Even a good picture, like the one posted, is only two dimensional, so there's some room for interpretation, and here is mine: it appears to me that the worms are round bodied, and that the suggestion of a distinct head on one of them is caused by some algae between the worm and the camera. 

So I think they are some species of Nais worm. Totally harmless. Don't worry, be happy.


----------



## jmowbray (Dec 20, 2009)

+1 on Planaria


----------



## hubble13 (Sep 1, 2010)

+1 on planaria. Harmless,but I got rid of mine by cutting down on feeding.


----------



## Arctangent (Feb 22, 2010)

Thanks guys. It looks like planaria to me too. They are very small, but I do believe that they have the triagular shaped head. Non-parasitic so no need to worry about them getting on me or my fish? Hard to imagine I'm overfeeding, possibly from a dirty canister?


----------



## Darkblade48 (Jan 4, 2008)

They will not harm you nor your fish.

There may be some excess detritus that the Planaria are feeding off of.


----------



## guppygolucky (Nov 9, 2009)

Just saw a few of these in my RCS tank. I feed them every 3rd day, is that still too much? Also saw these little speck like critters that zip around.
Do I need to do a massive WC?


----------



## Darkblade48 (Jan 4, 2008)

It might not be the frequency, but the amount of food you feed as well.
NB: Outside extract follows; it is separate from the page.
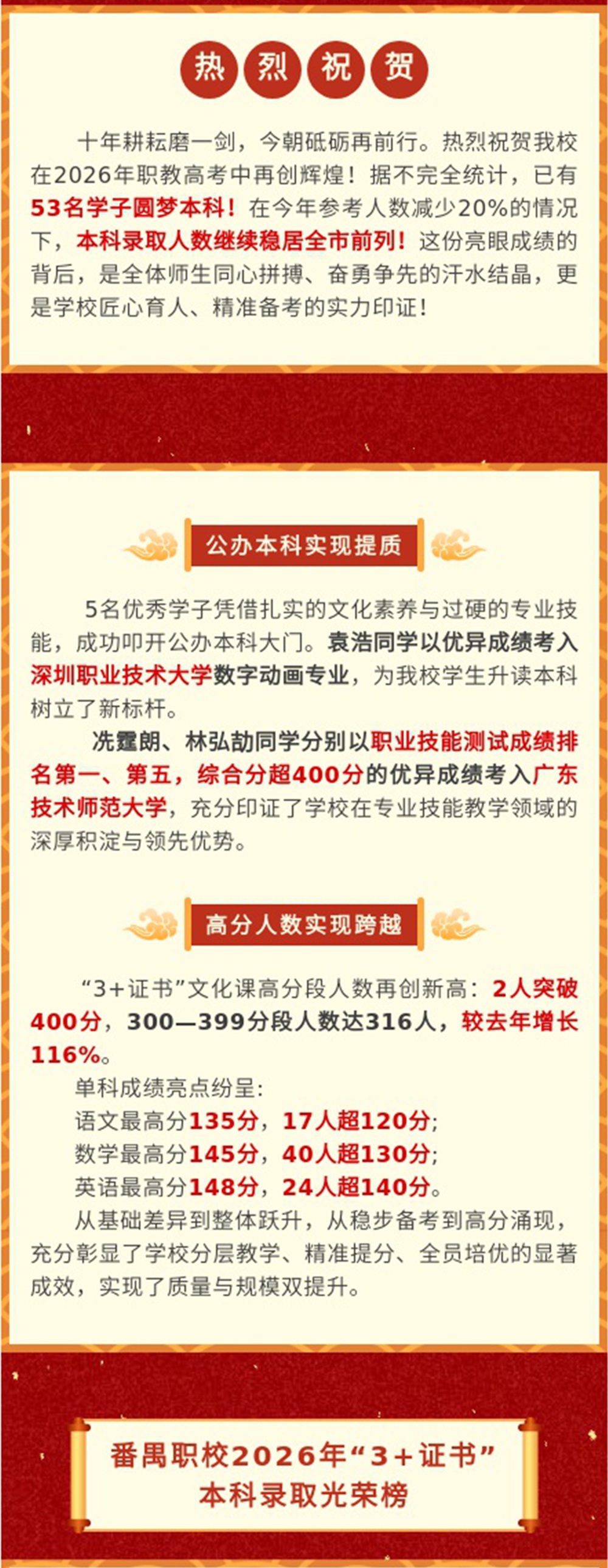 喜报!全市前茅,公办本科再突破!番禺职校2026年职教高考续写辉煌

As for the little specks, they could be copepods. You can find a list of probably things they could be in a sticky in the invertebrates section of the forums.


----------



## guppygolucky (Nov 9, 2009)

In a tank of 50+ Rcs i feed 1/2 wafer of the hikari sinking (the new version are bigger wafers so I do 1/4 of those). Also about 10 pellets of the hikari shrimp cuisine, a stick(1/2" long) of Ken's food different one's each time.
I don't give it all at once. a 1/2 wafer 1st day, 3rd day some cuisine, 7th day a type of ken's, 9th day a different type of ken's...etc and in between I'll let them "fast" from processed food and let them graze on the plants.


----------



## Bubble Boy (Dec 31, 2009)

If you're breeding any fish in that tank the baby fish will take care of those little worms. It's normal to have them in the aquariums. Also with your algae problem, you can get some nerite snail. They'll clean your whole tank up from all the green algae problems. They'll have your aquarium glass sparkly clean Best thing is that they don't breed in freshwater so you wont have tones of snails to worry about.


----------



## dr.tran (Oct 8, 2007)

Thats not planaria, this is planaria 

http://arcticboy.arcticboy.com/view...wp-content/uploads/2009/11/Planaria-SEX-1.jpg


----------



## AoxomoxoA (Apr 22, 2010)

dr.tran said:


> Thats not planaria, this is planaria
> 
> http://arcticboy.arcticboy.com/view...wp-content/uploads/2009/11/Planaria-SEX-1.jpg


I was wondering too...


----------



## EntoCraig (Jun 7, 2010)

Its hard to say. Fish leeches look kinda like that when that small. Could be planaria, though they are usually fatter. Possible freshwater oligochaete?


----------



## james0816 (Jun 26, 2008)

detrius or white worms I'd say.


----------



## Seattle_Aquarist (Jun 15, 2008)

+1 dr.tran - Does not look like any planaria I have ever seen

+1 james0816 - It does look like detrius worms....at least that was what I was told they were when I have had them once or twice. When I disturbed the substrate I would see them "swimming" (wiggling) through the water. I don't think I have ever seen a planaria swim. Most fish will eat them.


----------



## Jim M (Aug 27, 2010)

Nice pictures. Another vote against Planaria which are flat and have a flared head. With a hand lens you can see two black dots on their heads which are their eyes.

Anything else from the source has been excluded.